Data Scientists seem to be everywhere nowadays. This title has seen a huge increase in appearences in job descriptions, as Indeed.com demostrates in its data.
There are several sites and articles that even describe the job as sexy:

The combination of handling Big Data and Analytics is what makes this title so attractive. So far handling data and analytics were too parts, sometimes combined in one person, but most times not. But with all the unstructured data available and new tools to handle it, the combination is easier to handle for one person. But technical understanding is not enough to become a Data Scientist. It requires an understanding of products and customer behaviour as well as how to manage and analyse data.
Right now there is no programm that graduates with the title Data Scientist, so companies have to look for people that learned all skills during their career so far or have strong affinities towards analysis or programming with corresponding skills learned during their studies or education.
Because of the interdisciplinary area of this field, some companies try to get their hands on graduated physicist.

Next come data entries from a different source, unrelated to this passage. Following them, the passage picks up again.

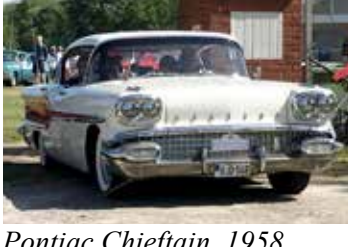
Pontiac Chieftain, 1958
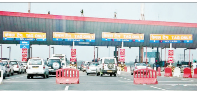
दिल्ली | वृत्तसंस्था

भारतीय राष्ट्रीय महामार्ग प्राधिकरणाने टोल वसुलीच्या नियमात मोठा बदल केला असून, १ एप्रिल पासून देशातील सर्व टोल
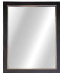
กระจกแบบมีกรอบ ติดผนัง รหัสสินค้า : 13002386 ขนาด : 53x68 ซม. รหัสสินค้า : 13002391 ขนาด : 60x80 ซม.
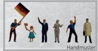
Diesem Set liegt ein 6teiliger Figurensatz bei.

Dieses Set enthält den Salonwagen B mit Küche 61 50 89-80 010-1, den Salonspeisewagen mit Küche 61 50 88-80 053-2, sowie den Maschinen-Gepäckwagen 61 50 92-80 203-7.
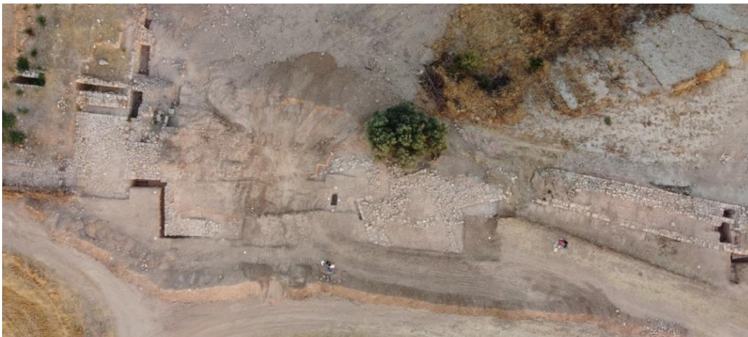
ΕΙΚ.9. Ο ενδιάμεσος χώρος μετά τη διερεύνηση του 2024: στα αριστερά η νέα προέκταση του ανατολικού τείχους του ανακτόρου, στα δεξιά το ανατολικό τείχος της Λαόνας και, στο ενδιάμεσο, το νέο σύμπλεγμα με διαφορετικό προσανατολισμό και σε χαμηλότερο επίπεδο.
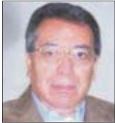
Por Roberto Vizcaíno
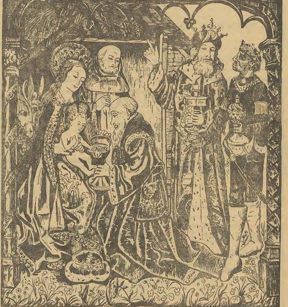
Les Rois Mages nous apporteront-ils ; comme cadeaux, l'Or, l'Encens et la Myrrhe de la Paix, de l'Abondance et de la Sécurité ?
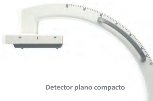
Detector plano compacto

Dia após dia, nossa tecnologia a-Si do Detector Plano (20 cm x 20 cm) fornece imagens sem distorção com excelente resolução e eficiência de dosagem na realização de uma ampla variedade de procedimentos cirúrgicos. Foi desenvolvido com base na extensa experiência da Philips em imagens de detectores planos para sistemas de arco cirúrgico fixos e móveis.
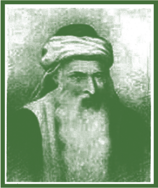
הציור הנפוץ של הבית יוסף זי"ע

"זה שיבוש גדול, ונתחלף לו משפחת 'קארו' במשפחת 'קרא'. והרב אביגדור קרא — אשכנזי בפראג, ובשנת קמ"ט, כנ"ל. והרב ר' יצחק קארו, ואחיו — הרב ר' אפרים — אבי ה'בית יוסף', הם ספרדים, מהגירוש דשנת רנ"ב, והיו ק' שנה — או יותר — אחר הרב ר' אביגדור
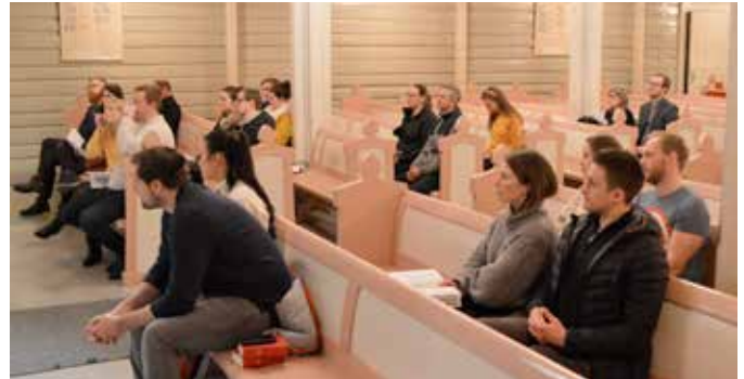
En lydhør forsamling følger med og noterer.

Their studies involve a great deal of interdisciplinary themes and the affinity to both algorithms and research.
Other possibilities are Business Intelligence Analysts, Data Mining specialists or even Web Analytics manager, depending on their career so far, especially their experience with different kinds of data and their presentation skills regarding actions resulting from their analysis.
All in all this new title and the news coverage it is getting is a great opportunity for people already working in this field and newbies wanting to work with both data and analysis.

This makes this new profession sexy.